TO DO:
Starting with the line with "Figure 4c: Reeds" in the entries below and going on through the line with "THE SMC 5000 SHOWN IN TRAVEL POSITION", output every line exactly and nothing more. No pictures.

Dataset entries:
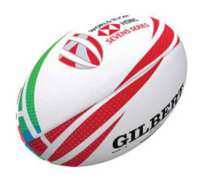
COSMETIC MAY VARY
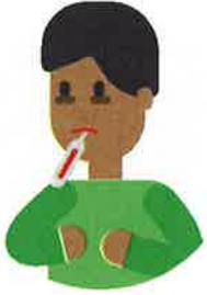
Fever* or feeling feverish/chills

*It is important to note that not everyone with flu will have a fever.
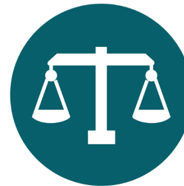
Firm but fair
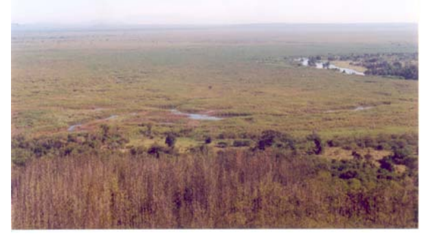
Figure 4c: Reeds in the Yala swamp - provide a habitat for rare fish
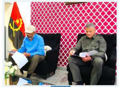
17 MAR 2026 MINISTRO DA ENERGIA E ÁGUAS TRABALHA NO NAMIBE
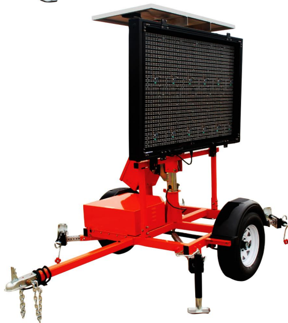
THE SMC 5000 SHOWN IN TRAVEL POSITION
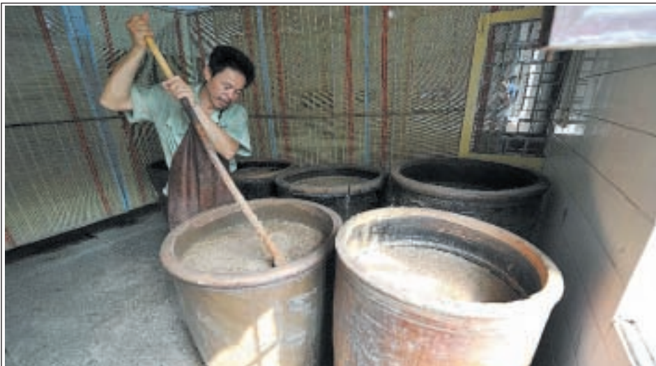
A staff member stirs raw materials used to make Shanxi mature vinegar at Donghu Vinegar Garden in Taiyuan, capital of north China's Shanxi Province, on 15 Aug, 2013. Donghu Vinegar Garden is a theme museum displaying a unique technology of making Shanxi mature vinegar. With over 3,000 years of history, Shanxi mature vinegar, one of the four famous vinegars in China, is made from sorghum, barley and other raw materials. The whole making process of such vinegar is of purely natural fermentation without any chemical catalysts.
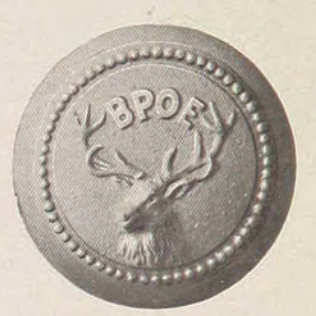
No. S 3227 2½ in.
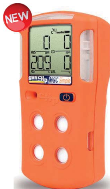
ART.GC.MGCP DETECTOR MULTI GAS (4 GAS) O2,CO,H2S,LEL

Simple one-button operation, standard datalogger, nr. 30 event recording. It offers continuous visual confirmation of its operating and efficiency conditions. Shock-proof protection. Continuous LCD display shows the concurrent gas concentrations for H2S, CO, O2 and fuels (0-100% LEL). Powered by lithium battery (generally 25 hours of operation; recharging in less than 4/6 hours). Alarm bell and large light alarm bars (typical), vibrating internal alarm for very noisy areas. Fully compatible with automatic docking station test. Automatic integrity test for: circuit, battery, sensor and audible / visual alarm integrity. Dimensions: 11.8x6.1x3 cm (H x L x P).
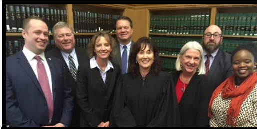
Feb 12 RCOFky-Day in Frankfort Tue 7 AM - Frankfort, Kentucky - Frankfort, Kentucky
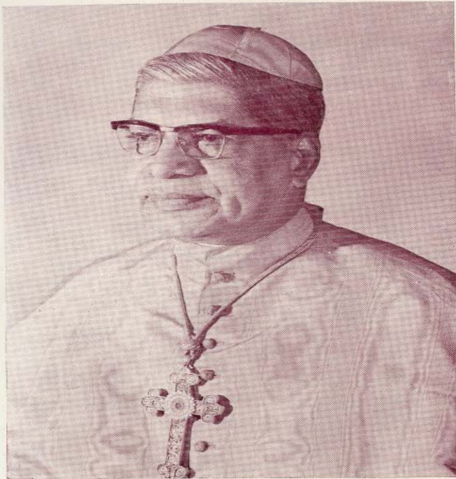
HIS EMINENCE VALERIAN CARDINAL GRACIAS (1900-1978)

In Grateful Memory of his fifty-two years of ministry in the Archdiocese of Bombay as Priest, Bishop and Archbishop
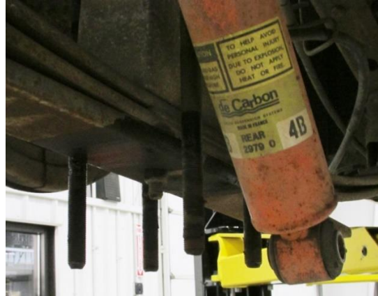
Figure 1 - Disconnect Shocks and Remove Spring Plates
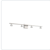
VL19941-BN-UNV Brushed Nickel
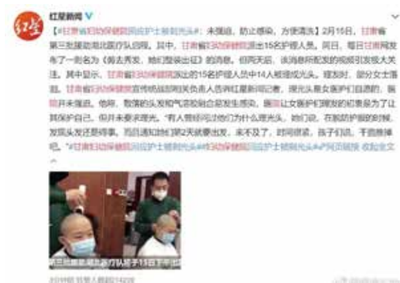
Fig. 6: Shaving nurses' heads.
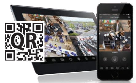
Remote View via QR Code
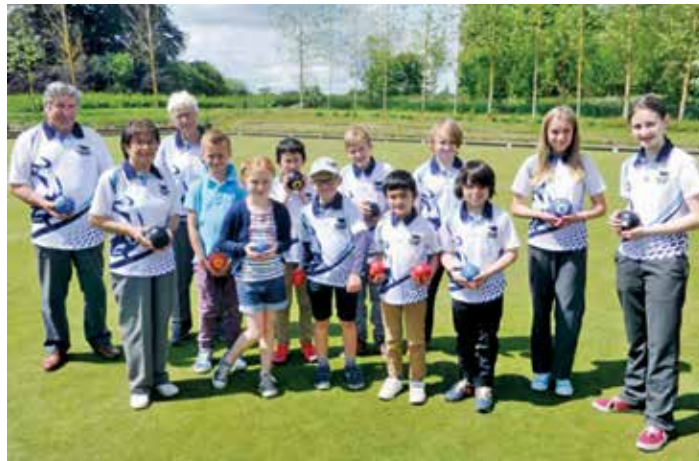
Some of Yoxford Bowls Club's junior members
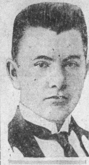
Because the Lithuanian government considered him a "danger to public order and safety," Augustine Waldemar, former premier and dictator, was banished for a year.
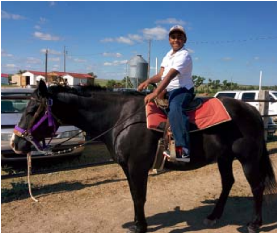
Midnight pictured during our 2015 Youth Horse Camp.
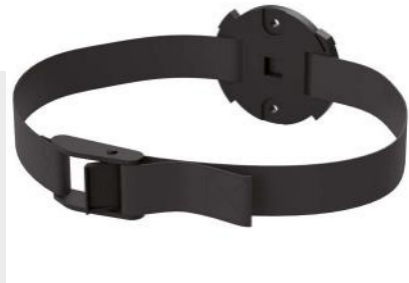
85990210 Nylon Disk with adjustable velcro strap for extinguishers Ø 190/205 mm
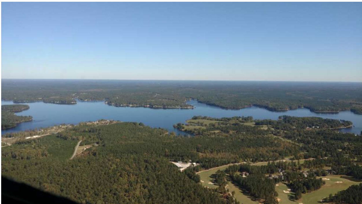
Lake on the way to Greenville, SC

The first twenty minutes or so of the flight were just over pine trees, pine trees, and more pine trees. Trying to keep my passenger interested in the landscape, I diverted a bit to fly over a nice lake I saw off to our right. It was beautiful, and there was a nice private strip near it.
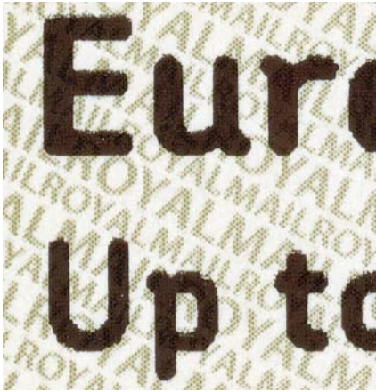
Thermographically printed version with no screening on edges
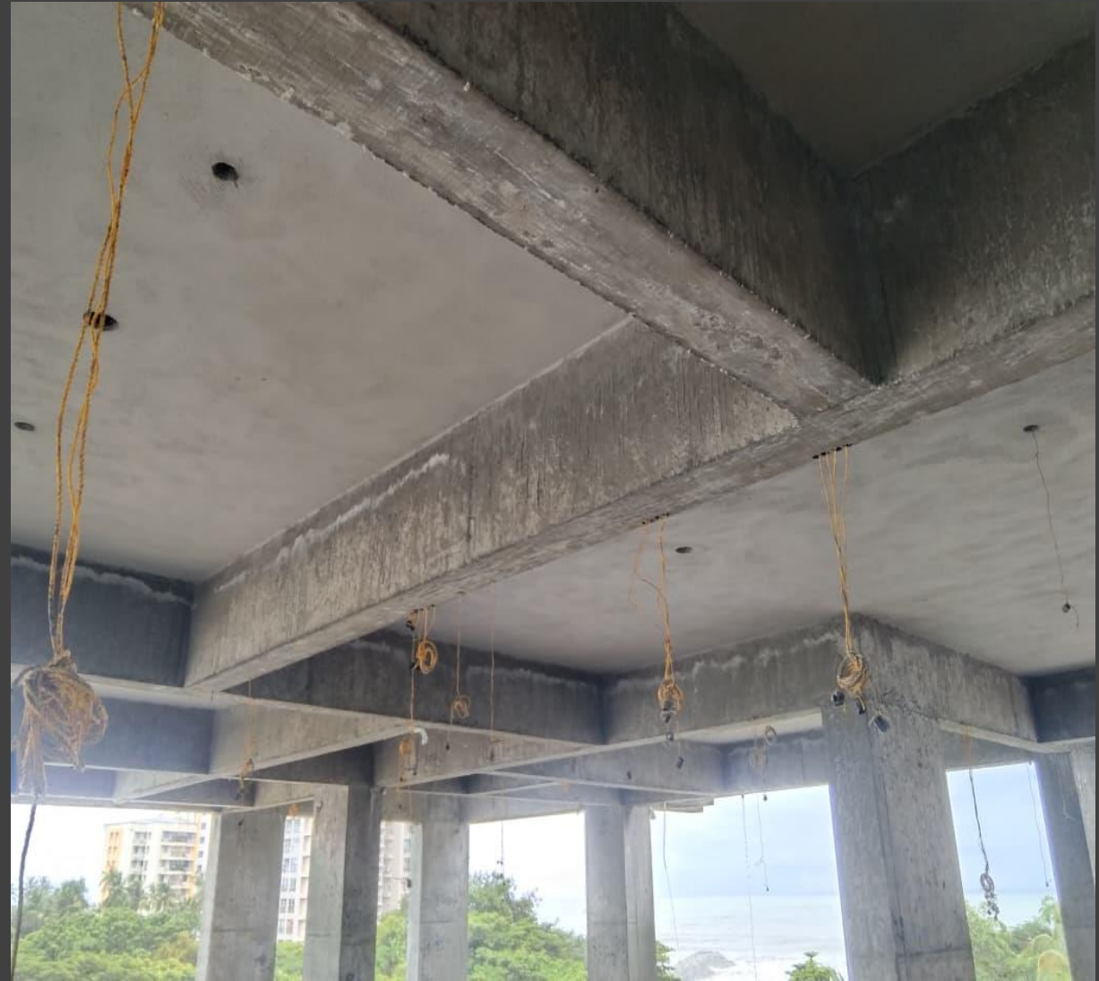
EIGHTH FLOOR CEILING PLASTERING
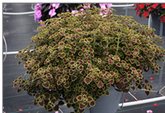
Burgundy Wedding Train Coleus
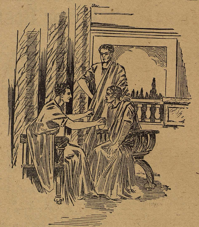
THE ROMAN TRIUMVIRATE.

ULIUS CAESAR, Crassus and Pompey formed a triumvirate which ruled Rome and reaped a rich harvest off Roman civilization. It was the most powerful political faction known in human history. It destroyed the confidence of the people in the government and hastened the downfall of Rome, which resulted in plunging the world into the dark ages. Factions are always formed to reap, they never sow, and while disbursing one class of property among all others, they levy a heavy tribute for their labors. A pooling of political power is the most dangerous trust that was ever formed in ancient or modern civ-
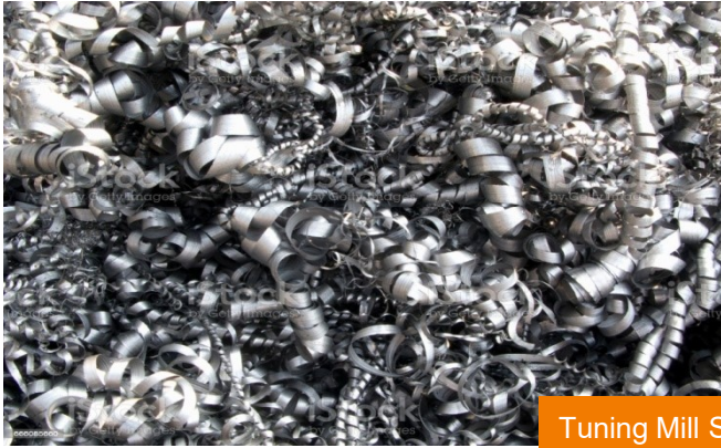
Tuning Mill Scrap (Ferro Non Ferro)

ANSWER SECTION:
Figure 4c: Reeds in the Yala swamp - provide a habitat for rare fish
17 MAR 2026 MINISTRO DA ENERGIA E ÁGUAS TRABALHA NO NAMIBE
THE SMC 5000 SHOWN IN TRAVEL POSITION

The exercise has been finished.